In reflecting on this question, one should bear in mind the assessment of former NATO Supreme Allied Commander Admiral James Stavridis, who told Sciutto, that Russia and the USA are already engaged in a “hybrid proxy war” in Ukraine: “ One great power is fully engaged with troops and firepower, and on our side, we don’t have troops in there, but we do have money and ammunition.”
At the same time, one of Sciutto’s high-level sources told him that America is now sending a message to Ukrainian leaders that western military support could no longer continue at the same level in the months ahead: “There’s just not enough money or political capital to last.” Another high-level source told Sciutto: “The West was now raising pressure on Ukraine to find a way to settle with Russia, including the radioactive topic of exchanging land for peace.” Land for peace sounds a familiar refrain.
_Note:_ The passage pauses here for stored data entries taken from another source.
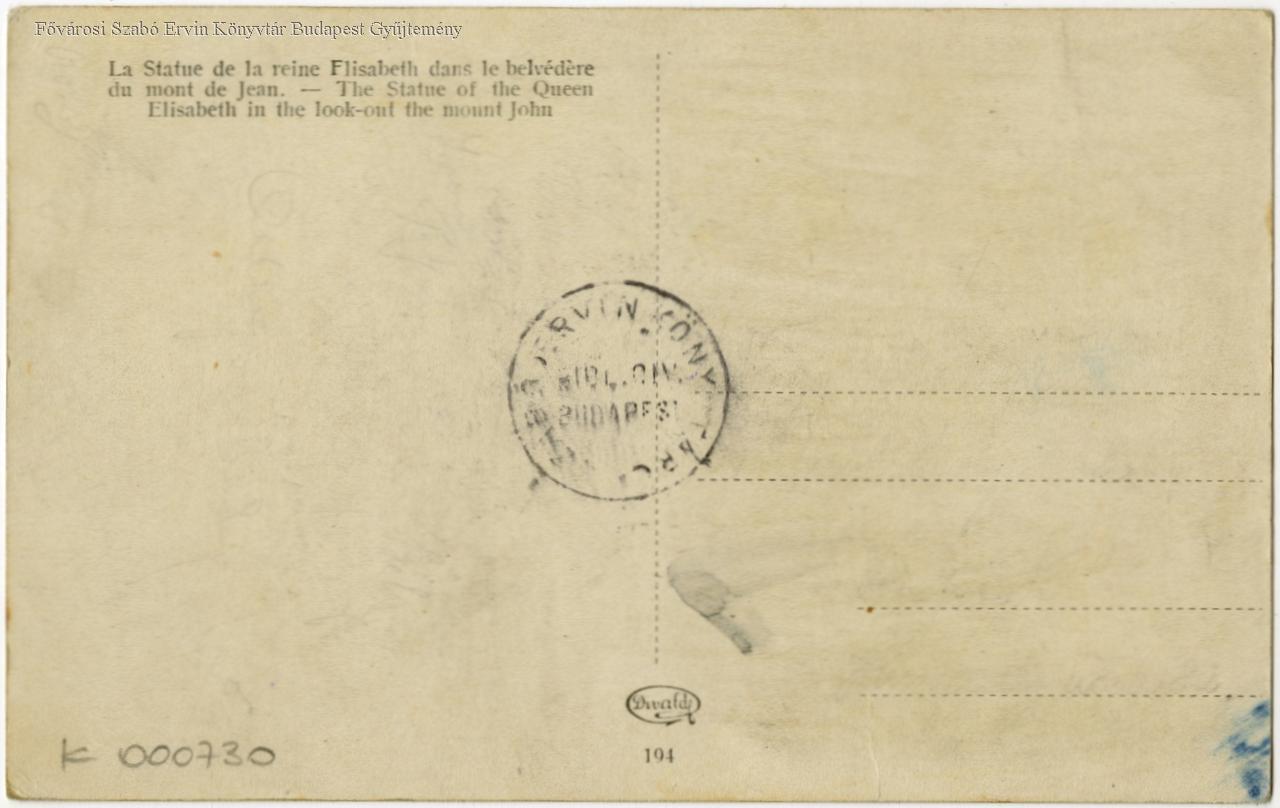 Budapest Erzsébet királyné szobra a jánoshegyi kilátótoronyban (529 m) = Denkmal der Königin Elisabeth im Aussichtsturm am Johannesberg = La Statue de la reine F[!]lisabeth dans le belvédère du mont de Jean = The Statue of the Queen Elisabeth in the look-out the mount John /
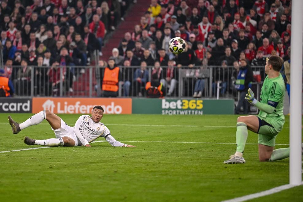 กลับมาเป็นโอกาสของ มาดริด หลังจากเพรสซิ่งจนดักบอลได้ในแดนของ บาเยิร์น แล้วรีบจ่ายเข้าเขตโทษให้ เอ็มบาปเป้ โฉบมามุมแคบทางซ้ายสับไกยิงออกเสา แต่สุดท้ายยังมีธงล้ำหน้าตามมา
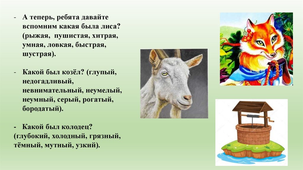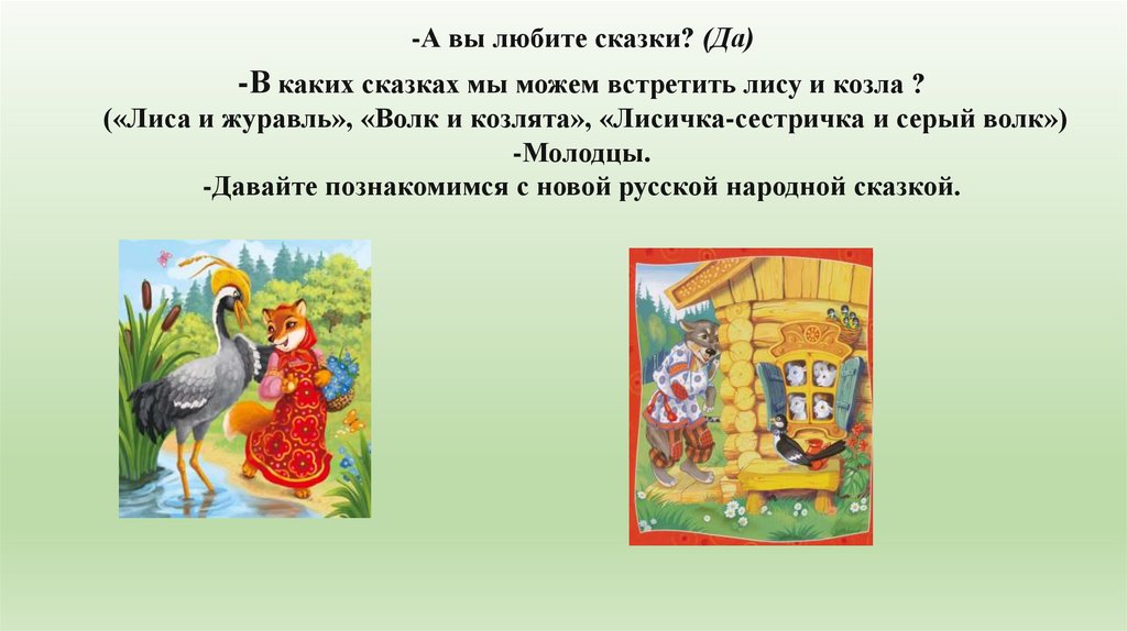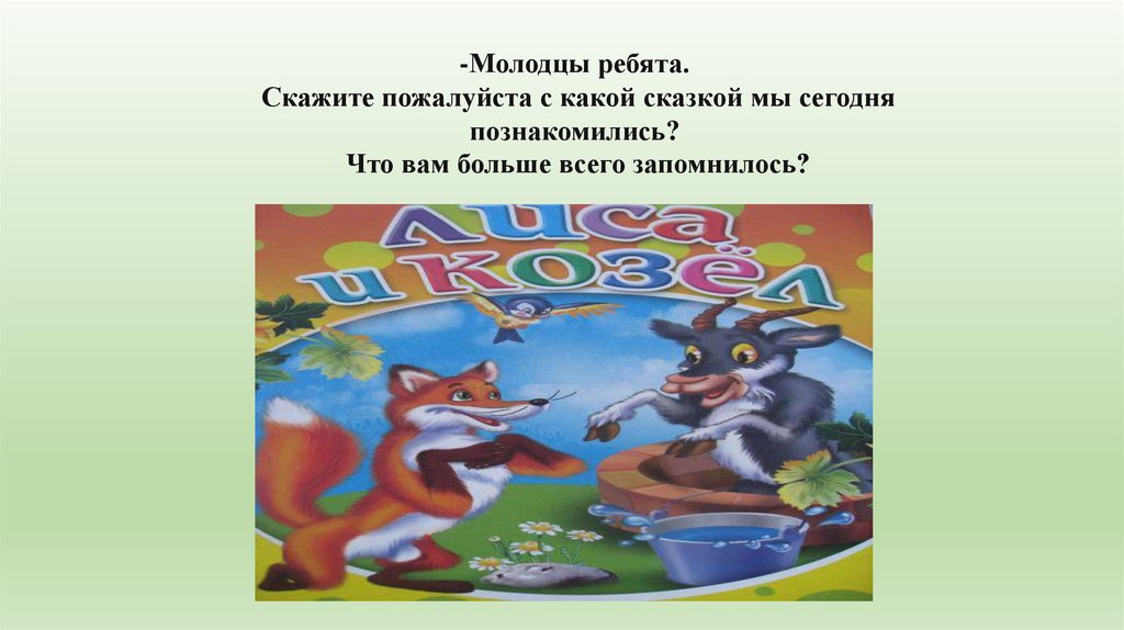 -А вы любите сказки? (Да)-В каких сказках мы можем встретить лису и козла ?

The complexity of the global situation is sobering. Sciutto writes that, today, the return of great power competition has generated a new architecture of relations among powers great and small, “with many of the same forces that sparked war in 1914 and 1939, and very nearly did in 1962. There are new forces and fronts too. There are new territorial fronts, in places such as Ukraine, and emerging ones, in places such as Taiwan. There are new technological fronts from cyberspace to outer space to near space, as demonstrated by the Chinese balloon incident, and increasingly, each front is impacted by artificial intelligence. There are expanding alliances such as NATO, new ones such as the AUKUS [Australia, UK, USA] agreement, and less formal alliances and cooperative relationships among Russia, China, Iran and North Korea, as well as among the US and European and Asian allies. And there are the radiating impacts of the war in Ukraine, affecting readiness and tensions across the globe. All these new forces coalesce into a witches’ brew of dangers.”
He drives the point home: “As CIA Director Burns told me in his office at Langley in late 2023, nations are navigating this new and more uncertain world order without many of the guardrails that had been built up in the last Cold War expressly to reduce the risk of a moment like this. As he said, they are ‘playing without a net’”
And where, one might ask, is Guyana’s safety net – internally as well as externally?